What affects the time that the project analysis takes? An issue with projects getting stuck in analysis

Introduction

Project analysis is a complex process in which multiple actions take place consecutively in the background. To learn about it, we recommend that you read this article: A step-by-step description of project analysis.

You might sometimes wonder why analysis of your newly-created project takes so long, in the sense that you might be under the impression that the project in question has been stuck in the process. Keep in mind that there are quite a few factors that directly contribute to how long the analysis process takes.

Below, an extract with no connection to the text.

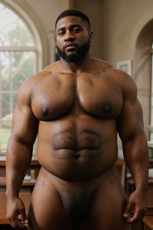 bearded, bald, chubby, handsome, standing behind a dark skin afro latino man, hairy chest, muscled small butts, afro nose, bald shaved hair, skinhead, (masterpiece, best quality, ultra realistic, 4k, 2k, (intricate:0.9), (high detail:1.4), film photography, soft focus, backlight, in the public room

See all of them listed in the next section.


Project analysis factors

Number of source files

To state the obvious, the more source files are added to a single project, the longer it takes to process them, which causes a significant increase in project analysis time.

If you deal with a multitude of source files (hundreds or even thousands of files), we always recommend that you break them up into smaller chunks and create numerous separate projects. This will not only help project analysis to finish more quickly but will also prevent individual jobs from piling up in the project workflow in a project, which might ultimately lead to the entire project editor freezing in the XTM Cloud UI.

Large source files

Although the number of source files determines the overall size of the content that needs to be processed, an individual file can also be enormous and it affects the time taken for project analysis in the same way as a huge number of files do.

Following the same steps as in the case of multiple source files, it is best to minimize the number of large single files in a single project, simply by keeping them in separate projects. Alternatively, a file like this can be split into smaller parts and uploaded to a project separately.

Use of machine translation engines (MT)

Many clients are unaware that use of machine translation at the project creation stage can also prolong its analysis time. This is because, after the analysis filter has been used to extract the file’s translatable content, each segment is also sent off to an external provider for MT matching. That just adds to the overall analysis time.

There is even an information message in the project workflow in the XTM Cloud UI at that time:

There is no particular way to speed things up other than just to wait patiently until the whole process is finished. You might also want to use the solutions suggested in the above cases, i.e. splitting up numerous source files into smaller projects.

Large translation memory (TM)

Similarly to the sending segments for MT matching, they are also matched internally against the client's TM, and this adds yet another action that is performed during the analysis stage. The more extensive a translation memory is (i.e. the more TM entries exist in a database created for the customers whose resources are applied to a project), the longer it takes to actually match all the segments against TM entries.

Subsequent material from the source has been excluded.